This 100%. I’ve spent 40 odd years with undiagnosed ADHD. Feeling like a failure, finding it difficult to fit in, wondering why I was so different to others, expending an enormous amount of energy masking who I was day after day, finding it difficult to make friends as their behaviour made little sense to me. Swimming upstream in everything I did. I was a model pupil, academically I (eventually) did great, most of my life was a lie, playing a part in a play very much aware I was an actor, but doing the job 24/7 never being able to go home and relax, be me. The despair and exhaustion of always being on, living a lie has led to eating disorders and a life time of suicidal thoughts. Of being a stranger in a strange land. Over time you learn the customs, the language, but they’re always alien, you never quite fit in.
Since diagnosis it’s been such a huge sigh of relief. Things that made me feel alienated, afraid, a failure are now viewed as the almost impossible challenges they are, but it’s allowed me to have the confidence to float along my own tide rather than be in a constant state of sheer panic trying to keep my head above water swimming against it. It’s enabled me to make friends who value me, the real me rather than trying to fit in all the time. I can follow my weirdness with a knowledge it’s not weird, because to me it’s home. I’ve connected with others, others in the sane position, I’m lonely, I’ve travelled on and found my promised land.

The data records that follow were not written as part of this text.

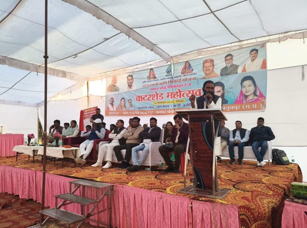 अनूपपुर 28 दिसंबर 2025/ जल संरक्षण और संवर्धन के क्षेत्र में निरंतर कार्य किये जा रहे हैं जिसके तहत बनाई गई खेत तालाब संरचना उपयोगी है इसे ग्रामीण,कृषक आर्थिक लाभ का साधन बना सकते हैं। जल संरक्षण जरूरी है प्राकृतिक स्रोतों को बचाना हम सब का नैतिक दायित्व है उक्ताशय के विचार पुष्पराजगढ़ विधानसभा क्षेत्र के विधायक श्री फुन्देलाल सिंह मार्को ने प्रधानमंत्री कृषि सिंचाई योजना वाटरशेड विकास 2.0 परियोजना के अंतर्गत ग्राम पंचायत सोनहरा (बरबसपुर) में आयोजित वाटरशेड महोत्सव कार्यक्रम को संबोधित करते हुए कही।
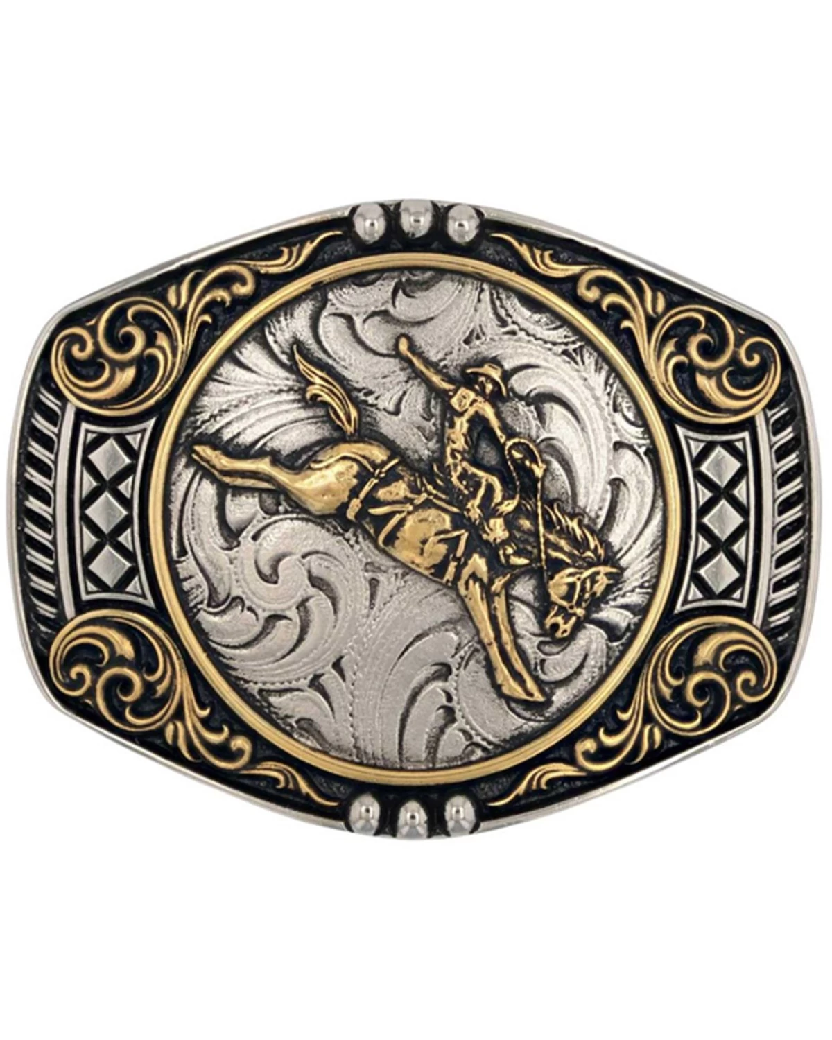 Montana Silversmiths 1340-528 Bull Rider Gold Rope Trimmed Engraved Buckle Silver
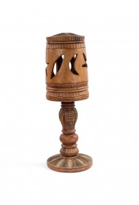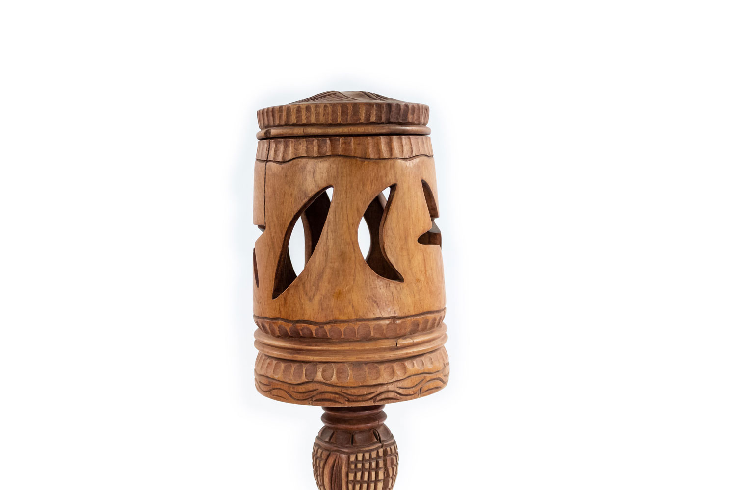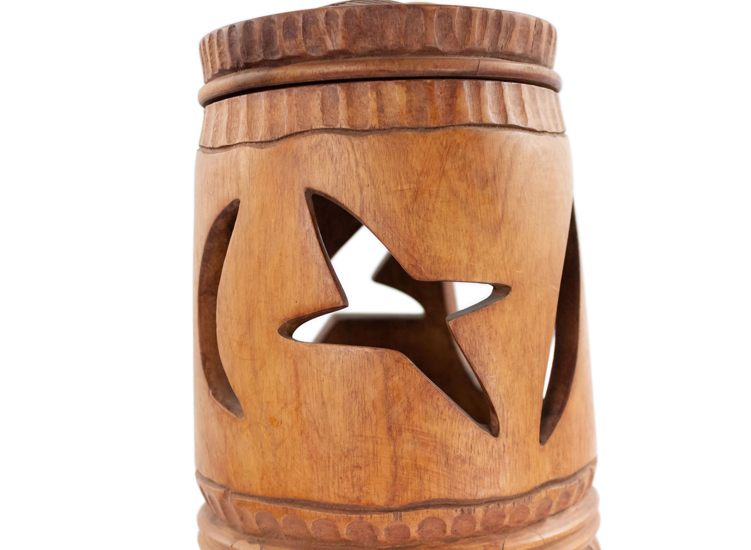 PAIR of Rustic American Adirondack style (1930s possibly Haitian) light wood table lamps wIth carved moon and star cut out design shade under a top cover (PRICED AS PAIR).

undoubtably the masking makes life more comfortable for others, I look like one of them, my behaviour is predictable and safe. But it’s nearly cost me my life (and has in a sense cost me my life) many times.
I’m not a big fan of medication- ADHD has so many positive things, it’s creative, it thinks outside the box, it’s not great at going along with societal lies, it stops you sleep walking through life. The succession of hyper focuses makes you great at pub quizzes😀, but extremely poor and a house that becomes a grave guard of hobbies. All those talents, discoveries, the books written,the music created the art - hour much of that would have been lost? How may of these other thinking creators would now be drugged? Who is benefitting from this compliance? Society needs to learn to embrace other behaviour not drug it away.
The more people understand about ADHD and embrace it, I think the richer society would be, but there’s too many people who just want a compliant east to manage workforce and a population reliant on drugs for a lifetime.
IME the French aren’t good with diversity, any type of diversity., They value outward appearances far too much, looking through history, it’s a repeated pattern.